Posts Tagged 'Sewing'

In Mon Petit Atelier

About a week ago, I cleaned my studio. I didn’t actually sew anything then, but I sorted and straightened. I took stock. Since then I’ve been fighting Resistance. Steven Pressfield talks about this foe in his book War of Art. Basically it’s that thing that keeps you from doing what you need to be doing as an artist. You resist making art due to things like fear or doubt. It’s when you actually opt to clean the bathroom to avoid sewing (or writing or painting or whatever.) This past week, I was getting a lot of other things crossed off my to-do list, but not any sewing.

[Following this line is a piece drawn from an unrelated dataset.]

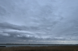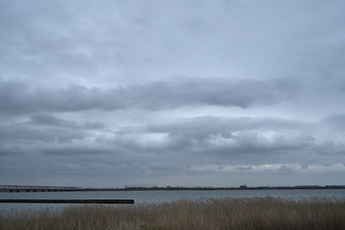 | 関東沖に進んだ高気圧の縁辺流が東海地方に南よりの 風になり、海上からの層積雲が押し寄せてきました。 朝から午前にかけては雨も降りました。 層積雲より下層では、南から積雲列も見られています。 冬に北西からの積雲列を見慣れていますが、南からの 積雲列は少しめずらしい雲のようにも感じられます。 また、夜には琵琶湖方面で強雷が発生しはじめ、 桑名周辺も雷鳴が聞こえてきています。 |

Then, over the weekend, after I took the above photo, I set my laptop up down here in my studio, sandwiched right there in between my serger and sewing machine. I hoped just being in here more would inspire me. (I’m not sure if it’ll stay here though. It wasn’t my original intention to have a computer in here. We didn’t have wi-fi when I remodeled this room and I dreamed of having a place just to create, forced away from all other distractions. That’s my main worry—that it’ll be a distraction, that I’ll chose pinning over pinning, so to speak. Yet, I have a notion to turn this into more than a studio, morph it into a multipurpose haven. I’d love a comfy chair in the corner. And place to sketch and paint again. And yes, perhaps a little place for my laptop. It’s such a small space though, so I’ll just have to wait and see.)

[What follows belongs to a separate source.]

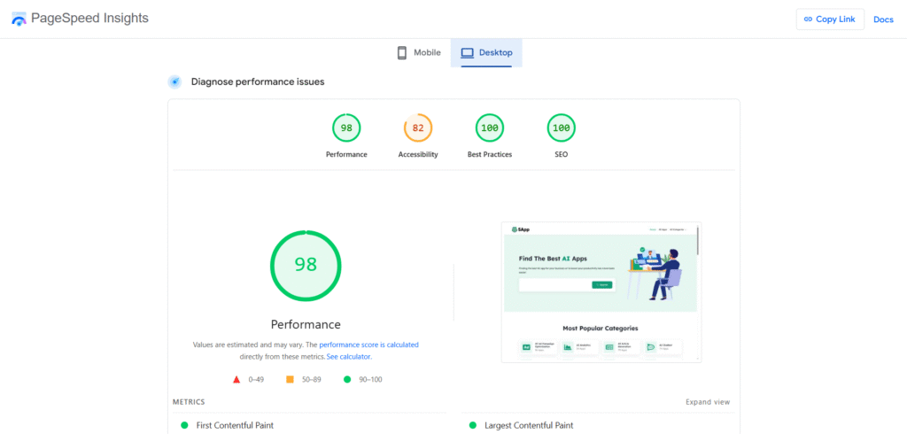 PageSpeed Insights is a reliable and user-friendly tool for measuring web page performance and provides clear, actionable recommendations. It balances lab and real-world data, making it useful for developers focused on improving Core Web Vitals. However, it may not capture all real-world bottlenecks and can be overly strict on certain site types like JavaScript-heavy SPAs.

Anyway, finally on Wednesday, I did it. You could hear the hum of the sewing machine, smell the heat of the iron. I sewed something! (Once I hem it, I’ll share photos.) I don’t mean to be cliché here, but it really is like riding a bike—a little awkward at first but soon you find your balance and are cruising along.

Part of why Resistance is so strong right now is the sheer volume of projects and ideas I have on my work table and in my head. It’s overwhelming. I don’t know where to begin. I’ve narrowed it down to a few projects that are almost near completion. I’m hoping finishing projects will be reward enough to fuel this spark and keep me burning.

Do you deal with a lot of “Resistance” in your life? How do you fight it?

And where do you create? Does the space serve more than one purpose? Out of choice or necessity?

Most nights when I go to sit down in front of the computer to type up a post, my brain goes to mush. The busy day catches up with me and my body just wants the comfy chair in the family room and my mind wants silly TV. With that said, I’m sorry for letting your comments linger in my inbox. I also have a ton of unread posts in my reader. Just like with my projects, it’s overwhelming so I avoid it altogether. I’m hoping for a little downtime to get caught up. Do know that I appreciate you visiting and commenting.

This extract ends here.